Task objective:
Transcribe, starting at the line with "are there plans" and ending at the line with "Challenge: Create a", every line of the material below exactly, but leave out the pictures and anything outside that span.

#### Supplied material ####

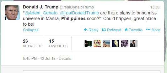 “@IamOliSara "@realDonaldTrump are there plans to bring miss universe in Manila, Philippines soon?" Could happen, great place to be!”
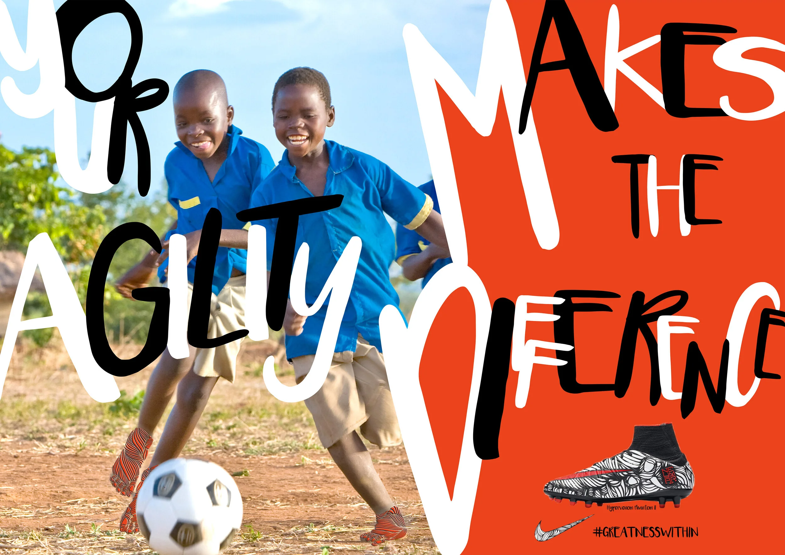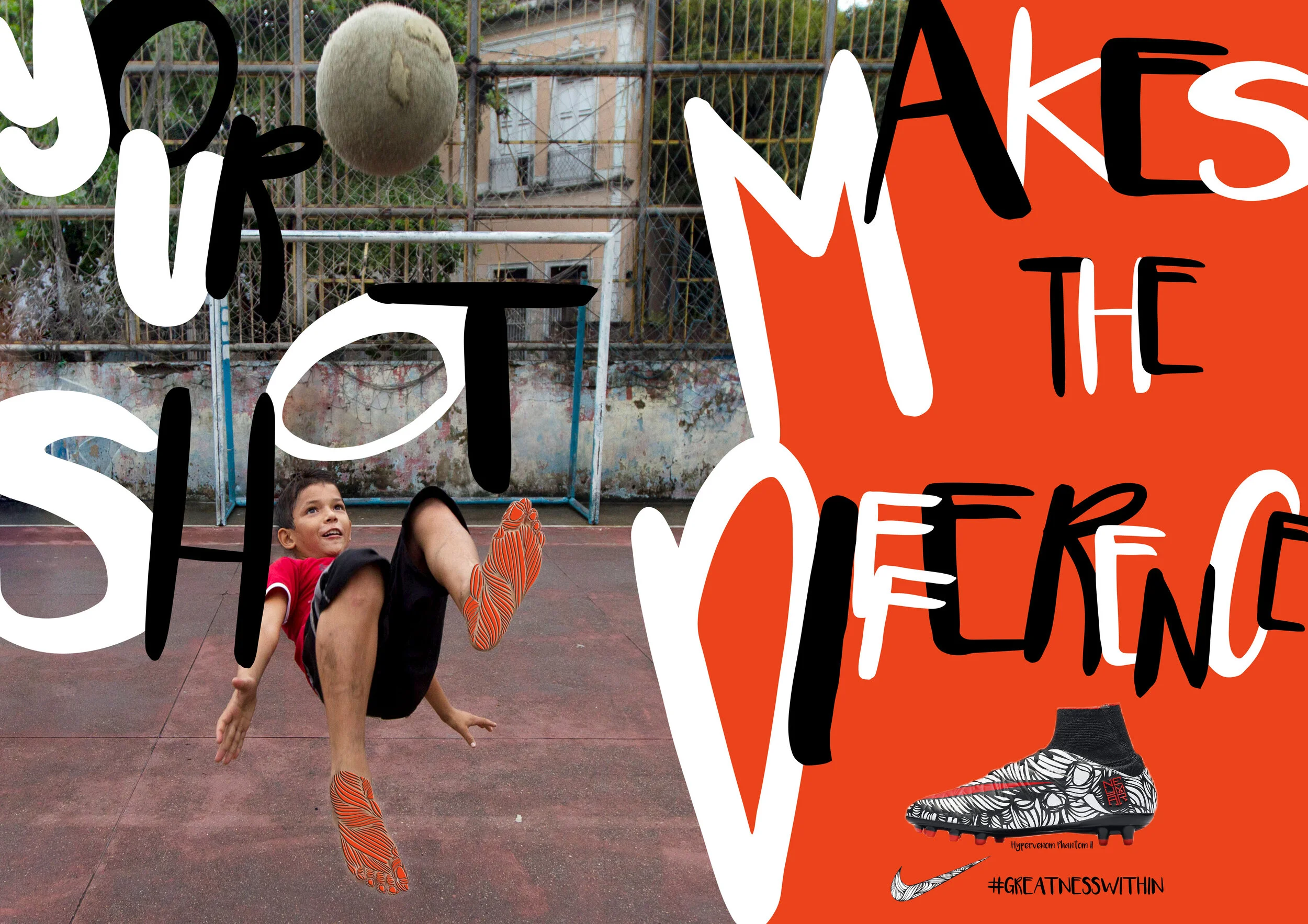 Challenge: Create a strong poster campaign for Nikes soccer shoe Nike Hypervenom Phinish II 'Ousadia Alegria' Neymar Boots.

####
#### Supplied material ####

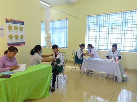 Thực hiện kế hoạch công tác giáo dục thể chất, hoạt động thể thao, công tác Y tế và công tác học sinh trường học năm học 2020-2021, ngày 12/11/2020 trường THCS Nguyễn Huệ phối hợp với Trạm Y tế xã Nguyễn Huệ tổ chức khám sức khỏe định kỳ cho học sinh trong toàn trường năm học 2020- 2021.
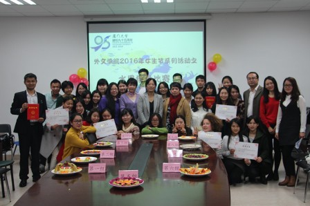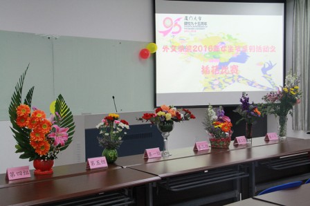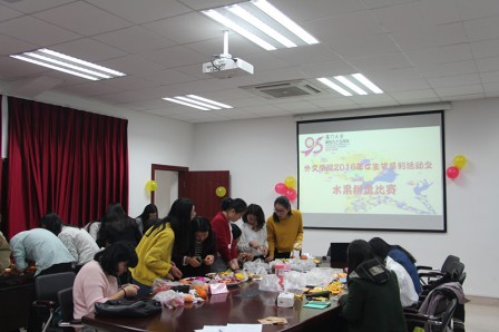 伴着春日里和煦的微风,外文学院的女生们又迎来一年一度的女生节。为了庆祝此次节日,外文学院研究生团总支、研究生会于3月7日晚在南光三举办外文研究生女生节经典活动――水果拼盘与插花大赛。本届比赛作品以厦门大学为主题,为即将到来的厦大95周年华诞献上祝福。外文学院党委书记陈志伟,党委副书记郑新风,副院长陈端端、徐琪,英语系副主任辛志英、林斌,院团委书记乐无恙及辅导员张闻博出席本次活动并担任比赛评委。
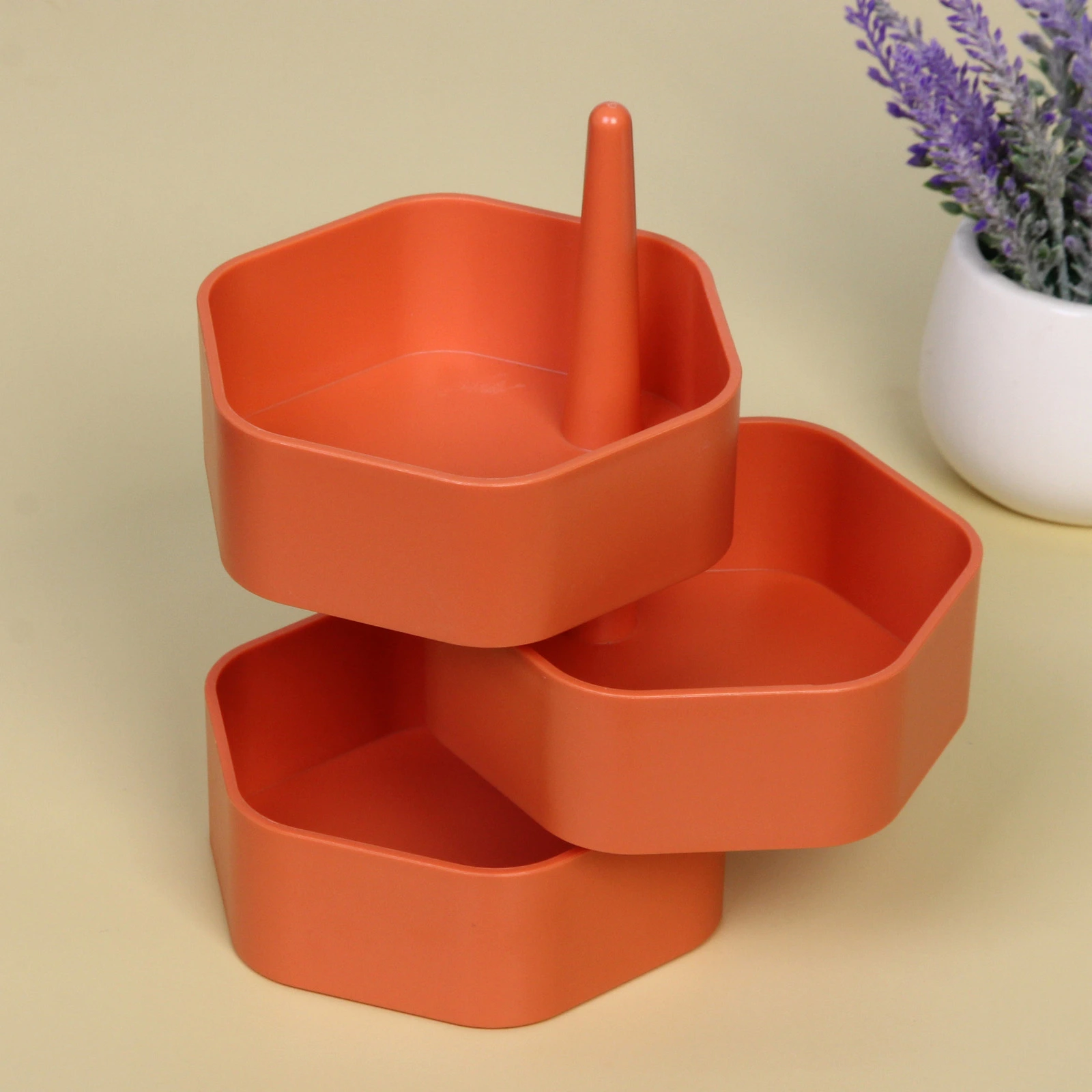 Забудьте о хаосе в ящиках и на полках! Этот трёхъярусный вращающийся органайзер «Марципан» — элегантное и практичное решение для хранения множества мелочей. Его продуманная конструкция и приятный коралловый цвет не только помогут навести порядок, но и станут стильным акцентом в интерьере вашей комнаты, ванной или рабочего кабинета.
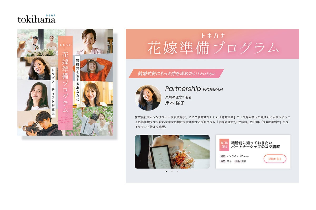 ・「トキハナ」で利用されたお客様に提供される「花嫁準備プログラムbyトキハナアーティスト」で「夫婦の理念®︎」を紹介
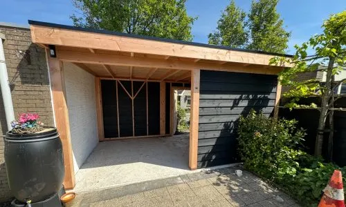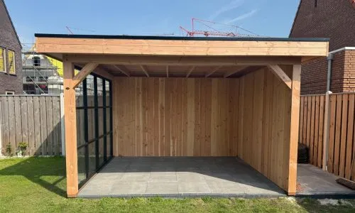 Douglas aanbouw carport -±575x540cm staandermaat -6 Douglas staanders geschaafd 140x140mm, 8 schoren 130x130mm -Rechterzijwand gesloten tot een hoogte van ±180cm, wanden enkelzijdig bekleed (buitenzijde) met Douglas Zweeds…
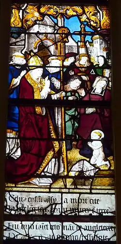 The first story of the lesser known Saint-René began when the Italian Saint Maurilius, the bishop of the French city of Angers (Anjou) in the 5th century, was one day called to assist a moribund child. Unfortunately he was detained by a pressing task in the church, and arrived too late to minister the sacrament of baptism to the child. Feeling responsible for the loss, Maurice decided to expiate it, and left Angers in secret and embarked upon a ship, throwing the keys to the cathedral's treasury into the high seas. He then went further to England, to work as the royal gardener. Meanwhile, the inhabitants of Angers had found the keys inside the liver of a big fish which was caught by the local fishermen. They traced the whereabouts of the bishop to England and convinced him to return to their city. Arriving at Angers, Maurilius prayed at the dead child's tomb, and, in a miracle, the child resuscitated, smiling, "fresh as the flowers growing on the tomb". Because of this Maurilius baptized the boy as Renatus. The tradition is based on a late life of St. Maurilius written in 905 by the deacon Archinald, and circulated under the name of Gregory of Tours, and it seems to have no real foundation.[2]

####
#### Supplied material ####

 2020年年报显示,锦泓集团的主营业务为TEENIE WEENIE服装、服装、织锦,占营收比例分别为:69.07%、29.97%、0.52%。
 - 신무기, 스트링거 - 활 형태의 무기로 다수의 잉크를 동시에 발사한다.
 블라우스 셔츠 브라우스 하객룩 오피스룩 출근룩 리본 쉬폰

####

Solved problem:
 “@IamOliSara "@realDonaldTrump are there plans to bring miss universe in Manila, Philippines soon?" Could happen, great place to be!”
 Challenge: Create a strong poster campaign for Nikes soccer shoe Nike Hypervenom Phinish II 'Ousadia Alegria' Neymar Boots.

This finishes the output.